* [Description of the task] Would you retype the whole listing exactly, leaving its pictures out?

* [Data below]
========

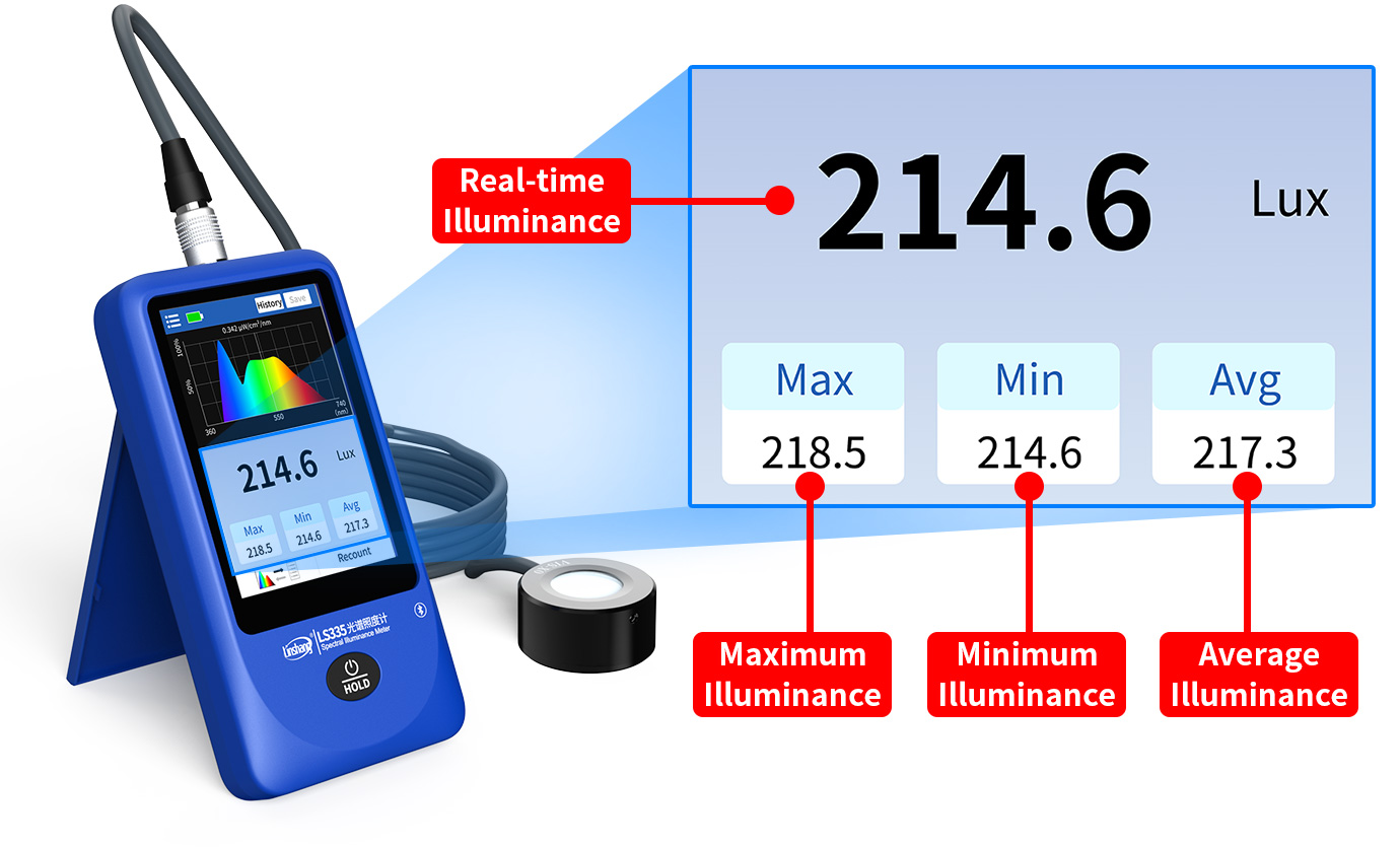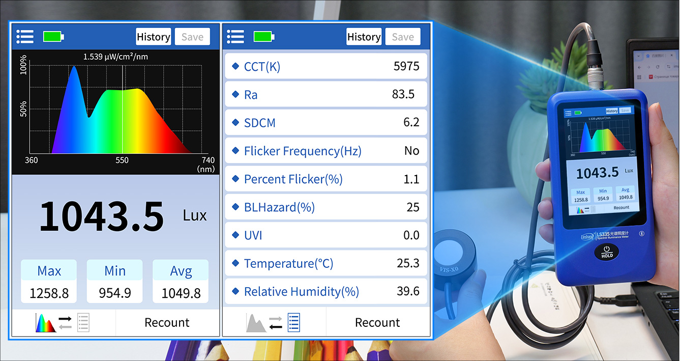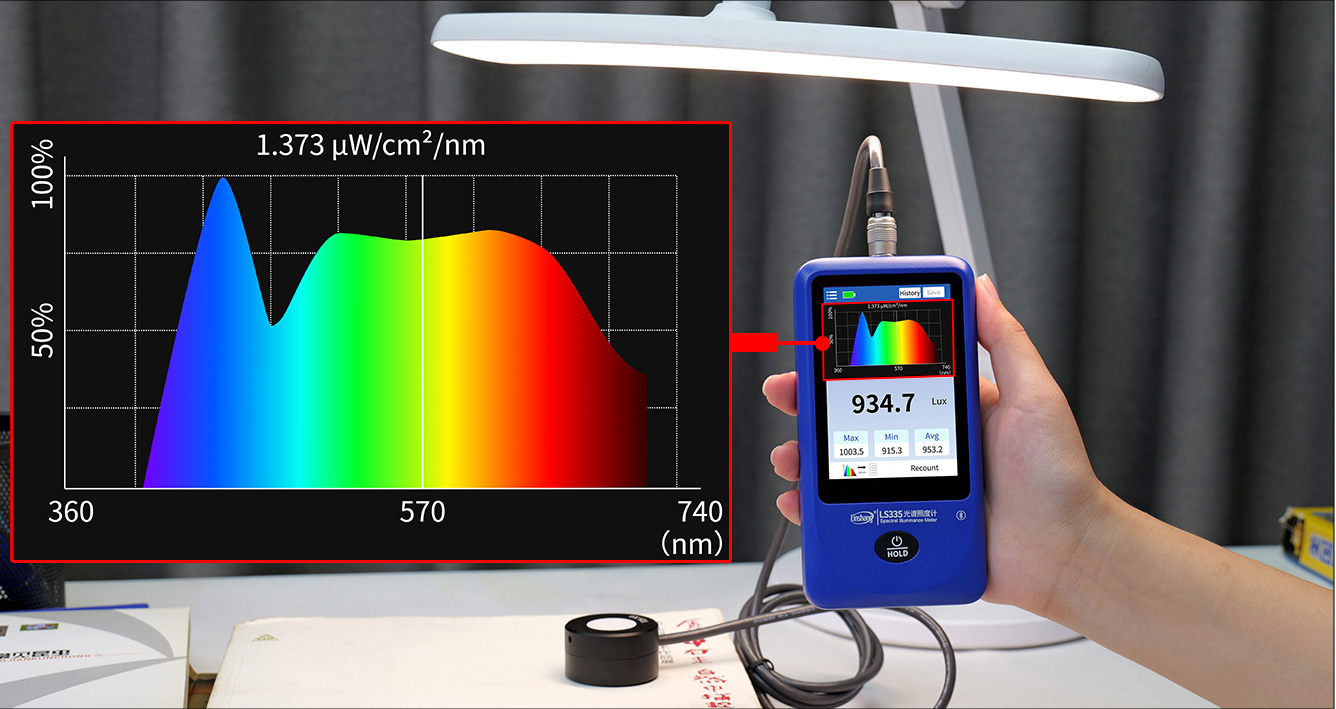 LS335, modüler bir spektral aydınlatma ölçer olup, ana ünite 3,5 inç renkli dokunmatik ekran tasarımına sahiptir. Cihazın kullanımı basit ve kullanışlıdır. Çeşitli alanlarda, ışık kaynağı aydınlatması, dış mekan aydınlatması, sera aydınlatması, sahne ışıkları gibi alanlarda aydınlatma, ultraviyole endeksi, renk sıcaklığı, flicker frekansı, dalgalanma derinliği, renk geri verme endeksi, renk toleransı, sıcaklık, nem ve mavi ışık tehlike oranı gibi parametreleri ölçebilir. Ölçülen spektral eğri, ışık kaynağının türünü ve mavi ışık tehlikesini tanımak için kullanılabilir.
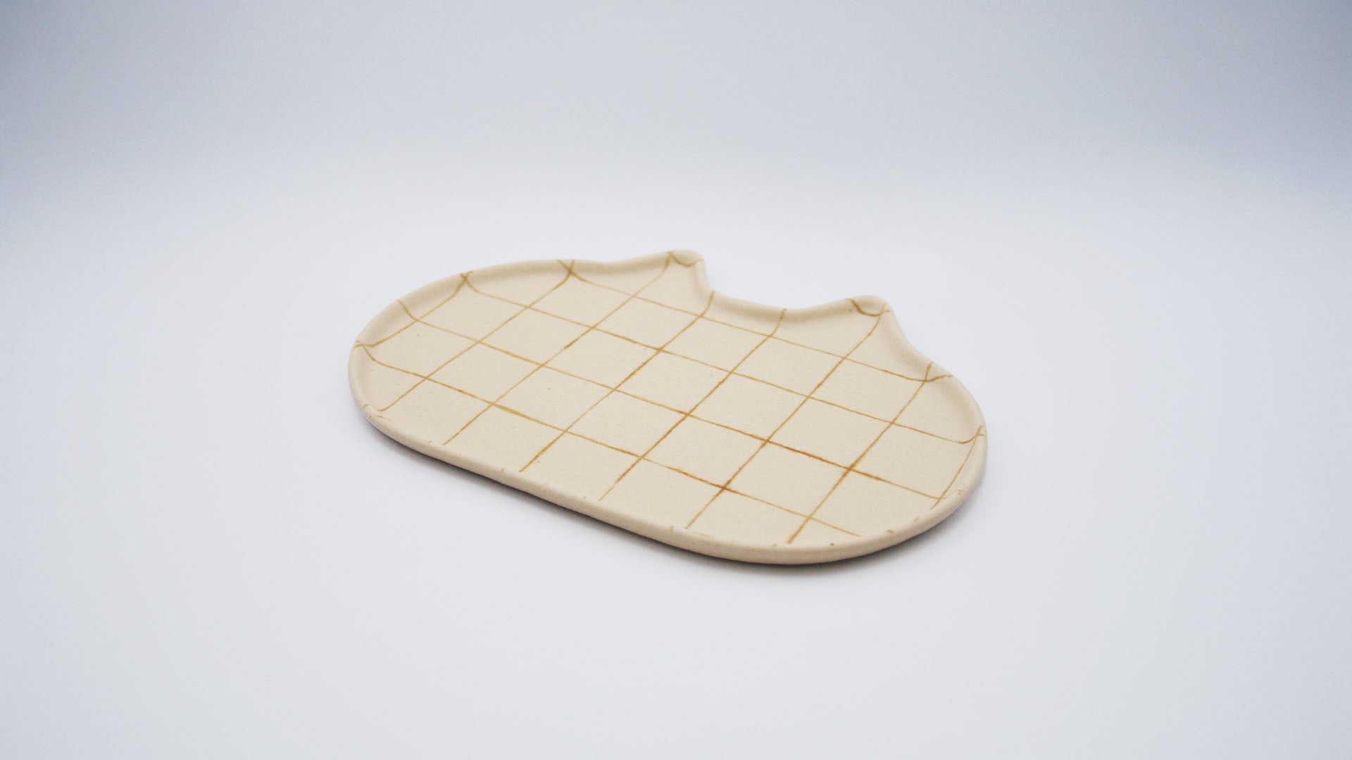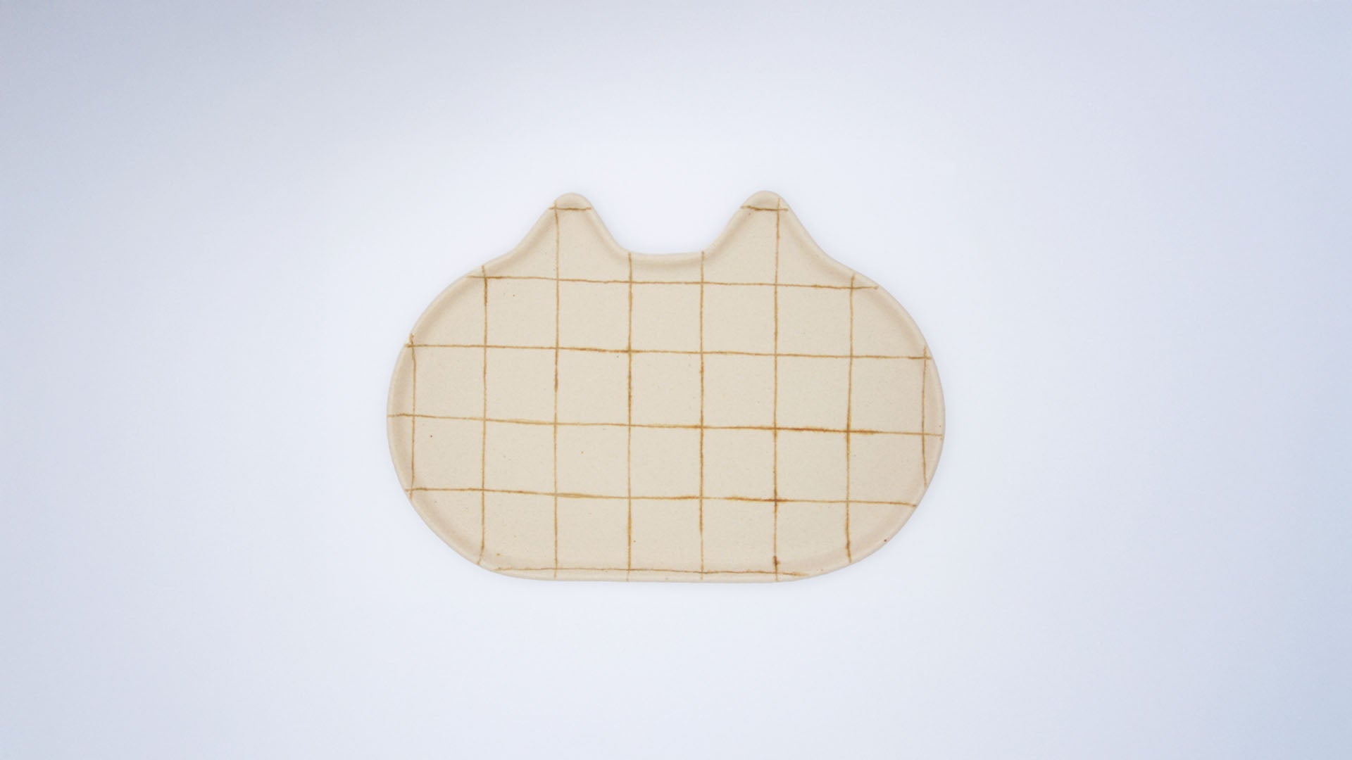 魅力的な基盤模様が施されている愛らしい猫の顔型デザインが特徴の信楽焼プレート大。和洋どちらのスタイルにもマッチするので、日々生活の中で気軽にお使いいただけます。
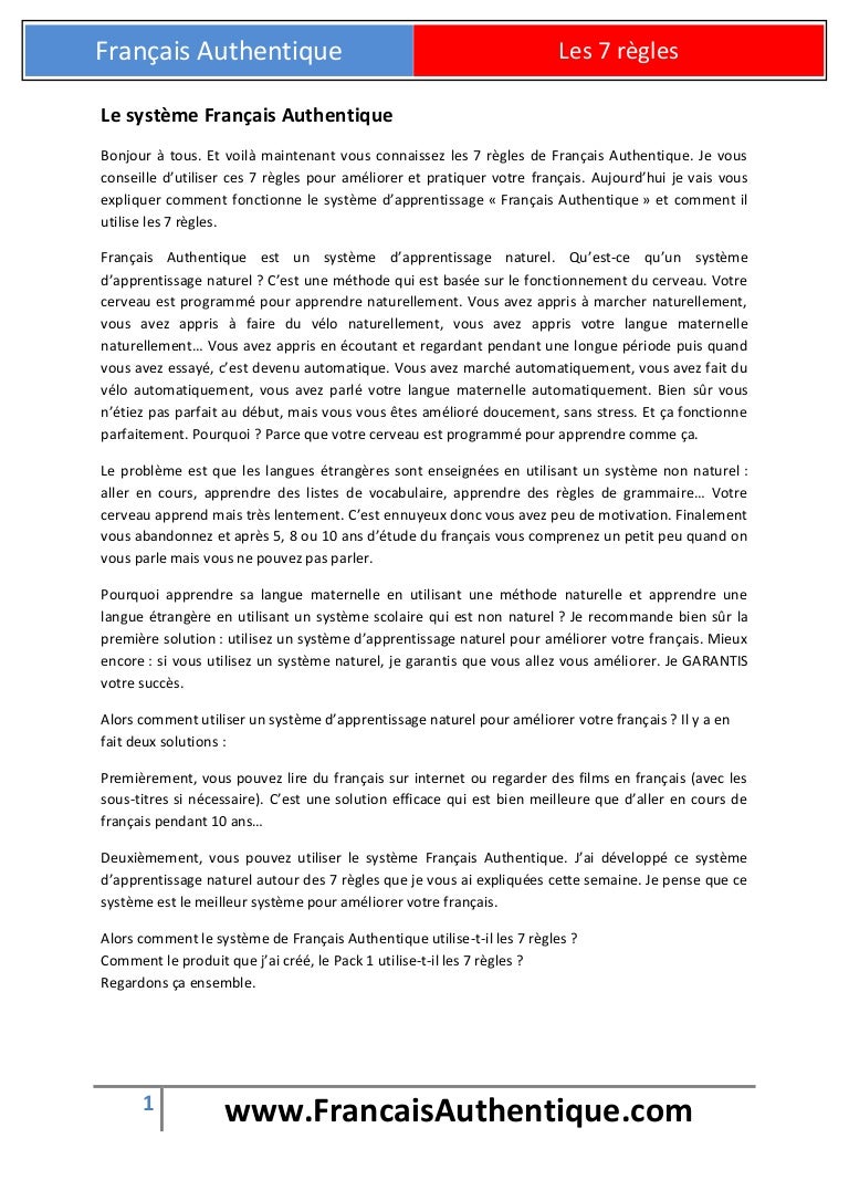 Vous comprenez et utilisez des expressions familières et quotidiennes ainsi que des énoncés très simples qui visent à satisfaire des besoins concrets Vous pouvez vous présenter ou présenter quelqu’un et poser à une personne des questions la concernant – par exemple, sur son lieu d’habitation, ses relations, ce qui lui appartient, etc – et vous êtes capable de répondre au. Merci infiniment Alexandre, cet article m’a trop motivé à apprendre à parler français, je te promets de commencer a suivre ces conseils dés maintenant, je n’arrêterai que lorsque mon niveau sera C1 ou C2 D. "Je ne parle pas français" is a short story by Katherine Mansfield She started it at the end of January, 1918 and finished it by February 10 It was first published by the Heron Press in early 19, and an excised version was published in Bliss and Other Stories later that year.
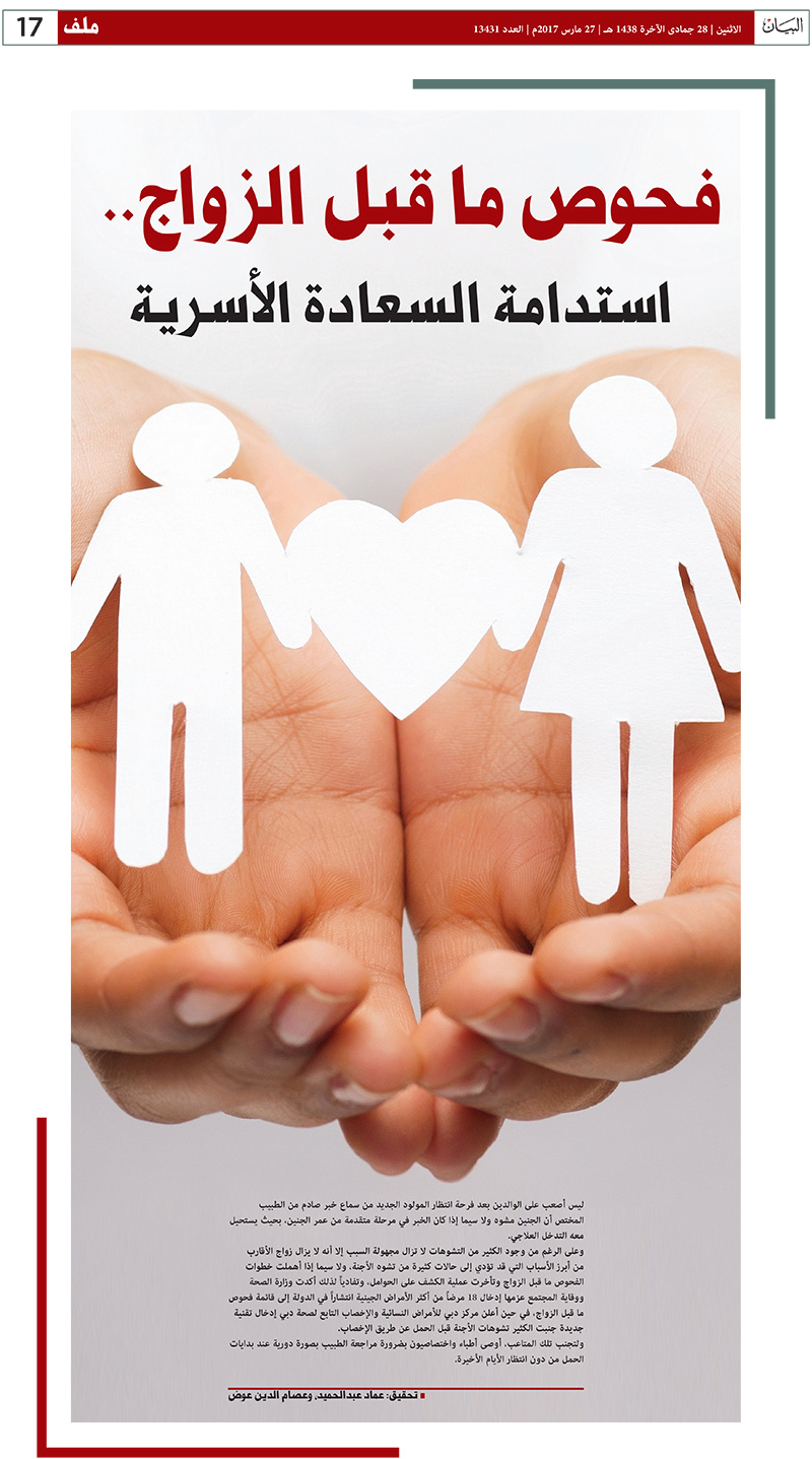 لمشاهدة ملف " فحوص ما قبل الزواج" بصيغة الــ pdf اضغط هنا

========

* [Task response]
 LS335, modüler bir spektral aydınlatma ölçer olup, ana ünite 3,5 inç renkli dokunmatik ekran tasarımına sahiptir. Cihazın kullanımı basit ve kullanışlıdır. Çeşitli alanlarda, ışık kaynağı aydınlatması, dış mekan aydınlatması, sera aydınlatması, sahne ışıkları gibi alanlarda aydınlatma, ultraviyole endeksi, renk sıcaklığı, flicker frekansı, dalgalanma derinliği, renk geri verme endeksi, renk toleransı, sıcaklık, nem ve mavi ışık tehlike oranı gibi parametreleri ölçebilir. Ölçülen spektral eğri, ışık kaynağının türünü ve mavi ışık tehlikesini tanımak için kullanılabilir.
 魅力的な基盤模様が施されている愛らしい猫の顔型デザインが特徴の信楽焼プレート大。和洋どちらのスタイルにもマッチするので、日々生活の中で気軽にお使いいただけます。
 Vous comprenez et utilisez des expressions familières et quotidiennes ainsi que des énoncés très simples qui visent à satisfaire des besoins concrets Vous pouvez vous présenter ou présenter quelqu’un et poser à une personne des questions la concernant – par exemple, sur son lieu d’habitation, ses relations, ce qui lui appartient, etc – et vous êtes capable de répondre au. Merci infiniment Alexandre, cet article m’a trop motivé à apprendre à parler français, je te promets de commencer a suivre ces conseils dés maintenant, je n’arrêterai que lorsque mon niveau sera C1 ou C2 D. "Je ne parle pas français" is a short story by Katherine Mansfield She started it at the end of January, 1918 and finished it by February 10 It was first published by the Heron Press in early 19, and an excised version was published in Bliss and Other Stories later that year.
 لمشاهدة ملف " فحوص ما قبل الزواج" بصيغة الــ pdf اضغط هنا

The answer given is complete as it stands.